Learning Based Soccer Scouting System

This repo is strictly for use of maintianing and developing the Final Year Project seamlessly.

Abstract

With the advent of sports sciences and data analytics, a few teams from the major sporting leagues of different sports have adapted to best make use of the available resources to optimize their performances and results. This has been particularly observed in the case of football, where the sport has become increasingly system-based with a greater emphasis on occupying the right spaces, whether to attack, maintain possession or to defend, and moving away from relying on individual quality. The objective of this project is to develop a system which should be able to recommend the best players suited for a given team, i.e., they should be the right fit not only qualitatively, but also tactically. Ideally, the system should be powerful to report findings that are an improvement over traditional scouting methods, the most commonly used and trusted method being the eye test, and come up with accurate solutions not found by reports generated by aforementioned traditional methods. To quote Mikhail Zhilkin, Data Scientist at Arsenal Football Club and author of Data Science Without Makeup, “The end goal of data science is to change opinions.”

Introduction

The first task in any Machine Learning project is to gather data. So, collection of data on the English Premier League, the rationale being its global exposure, coverage and thus presumably extensive data availability. Unfortunately, most websites only have limited data (5-15 features) whereas the ones that have extensive data do not make them available for free and are notoriously difficult to wrangle from. At first, a dataset available on Kaggle having 10+ features was used to make a basic statistical model outputting a score for the suitability of each player in a certain role based on a pre-specified set of weights.

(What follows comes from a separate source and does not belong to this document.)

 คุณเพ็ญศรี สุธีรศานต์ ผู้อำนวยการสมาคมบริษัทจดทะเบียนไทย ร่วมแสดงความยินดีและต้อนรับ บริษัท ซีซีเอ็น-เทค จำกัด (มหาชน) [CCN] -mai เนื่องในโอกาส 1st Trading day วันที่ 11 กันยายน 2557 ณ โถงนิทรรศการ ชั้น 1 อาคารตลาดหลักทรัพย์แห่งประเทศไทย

While no ‘learning’ was involved here, it helped build some familiarity with working with football statistics when limited data was provided.

Progress and Challenges

Later, a website called fbref.com was discovered, from which 100+ features were gathered for both players and clubs, using which two datasets were generated, one for player statistics and the other for team statistics, for the 2022-23 Premier League season. The intention was to create and train a regression model to identify how the 10 most appearing outfield players contribute to the team’s cumulative statistics and be able to predict the same and another model to predict the number of points won by the team at the end of the season based on the previous team stats predicted. This would help in the scouting problem by taking 9C10 combinations from the 10 most played players of a given team and adding a player from the rest of the league to predict total number of points and displaying the best results. However, that turned out to be impractical (at least until this juncture) since: Team statistics would have to be predicted from the player statistics, from which points would be predicted. Formulating a model on such indirect and heavily coupled relationships is too complex. Working with 40+ features usually leads to inaccurate predictions. Applying feature selection becomes futile since certain features hold more significance for certain positions on the pitch (e.g. shots for forwards, tackles for defenders, passes for midfielders) and establishing a different set of weights across a homogenous dataset becomes a challenge in and of itself.

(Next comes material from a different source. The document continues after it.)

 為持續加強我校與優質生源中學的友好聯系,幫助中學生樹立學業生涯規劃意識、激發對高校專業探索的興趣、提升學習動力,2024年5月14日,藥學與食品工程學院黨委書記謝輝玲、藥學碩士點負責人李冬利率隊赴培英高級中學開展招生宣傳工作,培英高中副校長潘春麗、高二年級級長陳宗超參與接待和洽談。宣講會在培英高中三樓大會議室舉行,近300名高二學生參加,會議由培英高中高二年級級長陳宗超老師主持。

What can be done is to compartmentalize this massively challenging problem into small problems and then proceed from there.

The first problem is as follows:- A team is underperforming their xG, i.e. having high xG (expected goals) but isn’t scoring as many goals; and they want to address the issue by signing a new forward.

First, forwards that have played more than 0 minutes in the Premier League were selected from the player dataset along with only shot-related features. Then a dictionary having each individual team as the key with their corresponding values being panda dataframes containing shot-related data of the forwards. X_train (as part of the training dataset) is generated by totalling most of the attributes while taking a weighted average of the remaining ones (like Shots per 90 mins and Shots on Target per 90 mins). y_train is generated from the team dataset. Now, regression models can be trained on X_train and y_train.

The limitations of this method are:- Using an aggregation of the forwards and using that as reference is not representative of how a team plays. Usually, 1-3 forwards are present on the field at a given time, the cumulative stats are not specific to a given situation. While goals scored are directly dependent on shots, shots are dependent on possession, passes, chances created, etc. which in turn is dependent on how efficient the team is in winning back possession, i.e., defensive stats, and so this approach cuts out those indirect relationships entirely. However, this is still better compared to dealing with a very large number of features. Taking an aggregation doesn’t take into account player interactions and chemistry, which are fundamental aspects to team-building, squad selection and expected performances. The data points generated so far are 20 (1 season of football, 20 teams), which is low. The priority is on gathering more data for more leagues and across more seasons to generate more data points for better testing and subsequent testing.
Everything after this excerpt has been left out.